Sunday, November 25, 2018

Hannah Yilma - Ethiopian activist, refugee, United Nations diplomat. 1943 – 2018. A personal tribute by Lesley Abdela

 


Hannah Yilma - Ethiopian activist, refugee, United Nations diplomat. 1943 – 2018




A personal tribute by Lesley Abdela

Hannah Yilma was a good friend for five decades. She was brave and cheerful no matter what life was throwing at her (and it did, in quantities). She was kind and funny and warm and passionate about politics. Hannah was quietly elegant with a wicked chuckle.

Born in Ethiopia, Hannah told me about happy times spent with her Father riding through their coffee plantation on horse-back when she was 14 or 15 years old. In this year of the 100th anniversary it is worth mentioning Hannah’s  parents knew Sylvia Pankhurst who lived in Ethiopia from the 1950s. Hannah’s Father helped support the monthly journal, Ethiopia Observer, in which Sylvia reported on Ethiopian life and development. Hannah’s Mother was Elisabeth Workeneh, her Father, Yilma Deressa was  Ethiopia’s Ambassador to the United States and Minister of Finance, at the time of Emperor Haile Selassie.

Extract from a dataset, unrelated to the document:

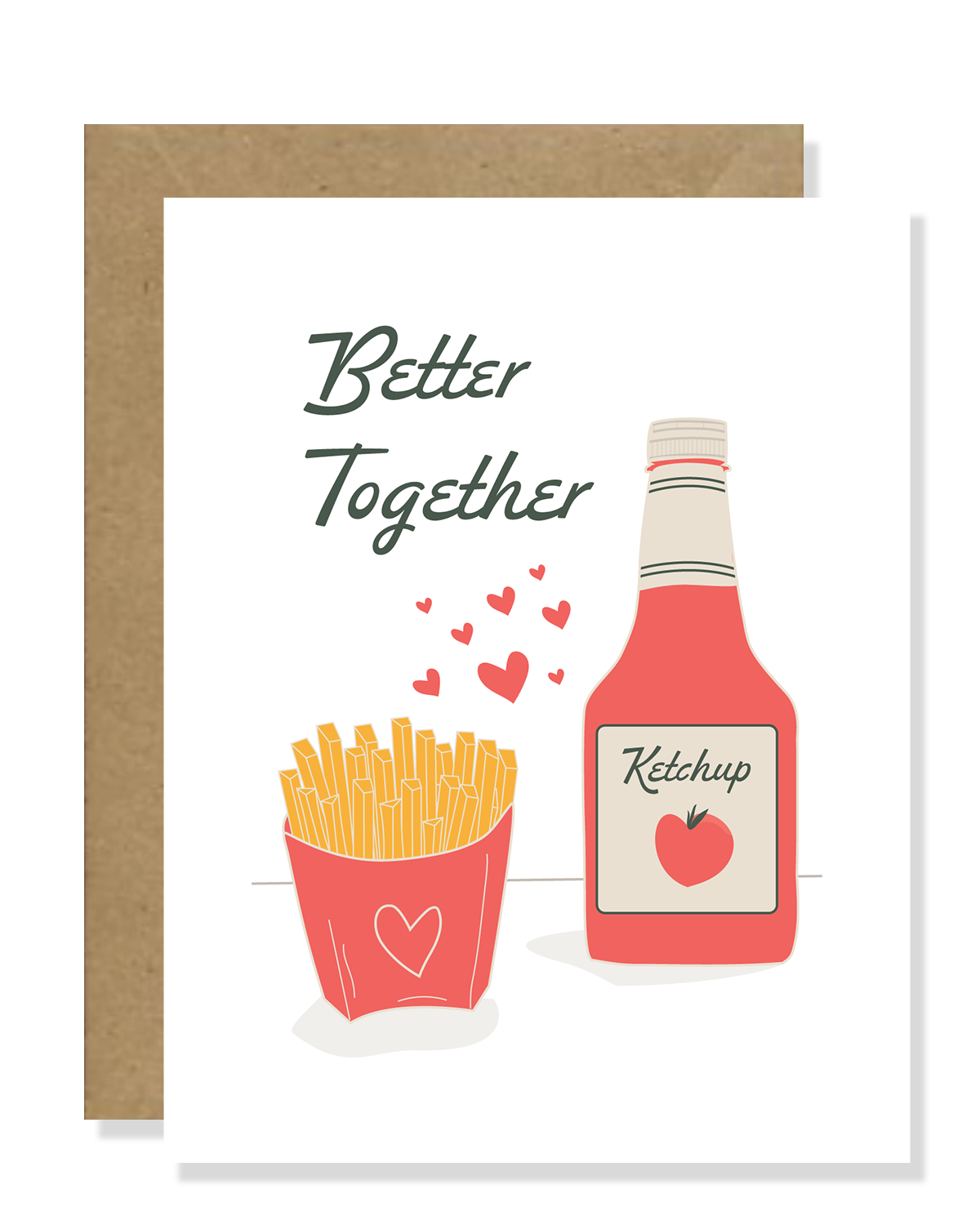 Discover the charm of our handcrafted minimalist greeting cards. Made with love, this card features a unique, design of two things that are just better together, French fries and ketchup Printed on high-quality 100lb linen paper, accompanied with a coordinating brown envelope, these cards are the perfect blend of simplicity and sophistication. Make your greetings stand out with our handmade card that say, 'better together!' Elevate your celebration with a touch of artistry from our collection.

I first met Hannah in the 1960s when she came to London to attend St Godric’s Secretarial College. We met through mutual friends. She lived with a British family in Surrey who knew her Father through major agricultural business in Ethiopia. I remember admiring the  long light tweed winter dress she wore. It was under-stated quietly elegant with a pink coloured bodice and plaid checked skirt in the same pink with milky coffee beige. I went out and bought an identical dress.

The fact Hannah was at Secretarial College is ironic. She was dyslexic. Much of Hannah’s  life was a kaleidoscope of contradictions.   She looked well-behaved, demure and lady-like. Beneath she was unconventional.   In the swinging sixties she shared a flat in London with a couple of other friends.  One was Maggie Wolf. Maggie married Richard Mason, author of ‘The World of Suzie Wong’ on which the film of that name was based. Maggie and Richard moved to  Rome. Hannah was a frequent visitor.

Activist

Hannah’s  life changed after the Dergue government took power in Ethiopia in 1975. Following the ousting of Emperor Haile Selassie, her Father was imprisoned with other ministers and members of the Emperor’s family. The Communist dictatorship  executed and imprisoned tens of thousands of its opponents without trial.

Hannah  became active in the opposition movement against the military regime.
She and her cousin Dereje Deressa formed the Ethiopian Democratic Union (EDU) and ran the  opposition radio station, “Voice of United Ethiopia” hostile to the military regime. She married the celebrated Ethiopian writer Sibhat Gebre-egziabher.

After threats of assassination  Hannah and her young son Iyassu were rescued secretly by a pilot in a small plane and flown  across the border to safety.  She and her husband lived apart from then on.  Hannah never talked much to me about her husband. Their  relationship, their marriage, and their publication ventures are said to be described in a fictionalised account in the book Derasiw by author Baalu Girma. Her Father died of cancer a political prisoner in an Addis Ababa prison.( Aged 71 in January 1979.)

Racism

Hannah experienced racism a number of times. At one stage when she rented author Neville Shute’s house in Seven Sisters, London she was furious with the local state school teacher who suggested 8 year son Iyassu should focus on sport rather than academic subjects. Hannah  said, “ They jumped to the assumption because he is black he should do sport. ” Hannah battled with the school to ensure her son had every academic opportunity.
 When he was a bit older the friends in Surrey enabled Iyassu to continue his education at a Boarding School in Surrey.   Iyassu graduated in Chemistry from Imperial College, University of London.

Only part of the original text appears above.